Great example of core memory.Interesting about the core dump. I guess that would even work after a power failure.IanV
My Wang Labs calculator has a core plane memory for programs. When it did very long calculations, it could be turned off at the end of the day. The next day, you turn it on and a red lamp turns on to remind you that it is still in the middle of a calculation and continues until a result was displayed on it's nixie tube read-outs. So nothing in memory was lost when the power was turned off !. Very cool.
Pharma Phil
---------- Original Message ----------
From: 'Ian Vine' via neonixie-l <neoni...@googlegroups.com>
Date: May 20, 2020 at 10:15 PM
Great example of core memory.
Interesting about the core dump. I guess that would even work after a power failure.
IanV
On 21 May 2020, at 01:28, Bill van Dijk <theold...@gmail.com> wrote:
Most people have heard the term “core dump”, and some even use it without any idea where that came from. Those old computers worked slow, taking sometimes several days to work on a single program. When a “bug” developed (seriously, bugs shorting out things happened) the computer was stopped, repaired, and a core dump was done. Remember, these magnetic cores kept their data, not like solid state RAM. From the core dump it was determined where the program stopped. And often it could be restarted where it left off, saving having to restart.
Now you know........Bill
From: neoni...@googlegroups.com [mailto:neoni...@googlegroups.com] On Behalf Of SWISSNIXIE - Jonathan F.

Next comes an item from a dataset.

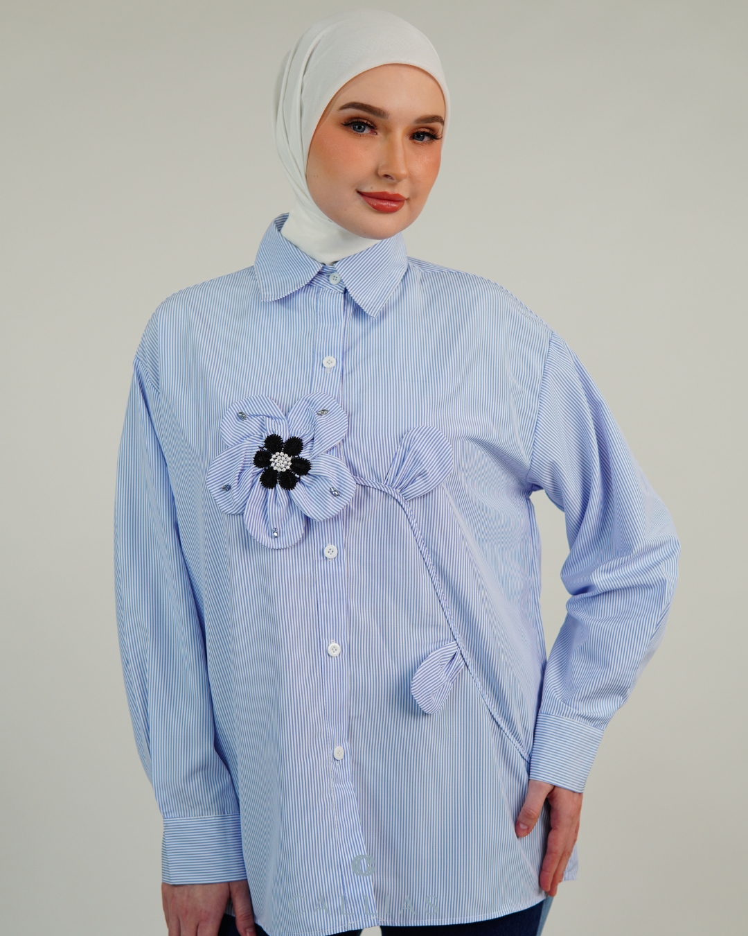 Aplikasi bunga yang unik dikombinasikan dengan penempatan beads yang rapi menjadi point pada setiap varian. Dibuat dari katun premium yang lembut, ringan, dan breathable, Bloom Stripes Series nyaman dikenakan sepanjang hari. Potongan loose fit memberikan siluet yang effortless dan flattering untuk berbagai bentuk tubuh.

Sent: Wednesday, May 20, 2020 4:43 PM
To: neonixie-l <neoni...@googlegroups.com>
Subject: [neonixie-l] OT: Help with mysterious part
Hi guys,
I know this is kind of OT, but I've noticed that a lot of people here are way older than me, and therefore know more about vintage tech.
This item is sitting around in my house for quite some time, but i have no idea what exactly it is. See attached images. I'm guessing it has something to do with memory. The small dip-looking parts around the device are diodes that look upright and are all connected to a common source. No markings about part number or manufacturer. The structure under the plexi-glass looks like something woven out of wire or a grid or something. It also looks like wires are going into a black material.
Any idea what it is, how old it is, or in what it was used?
Thanks!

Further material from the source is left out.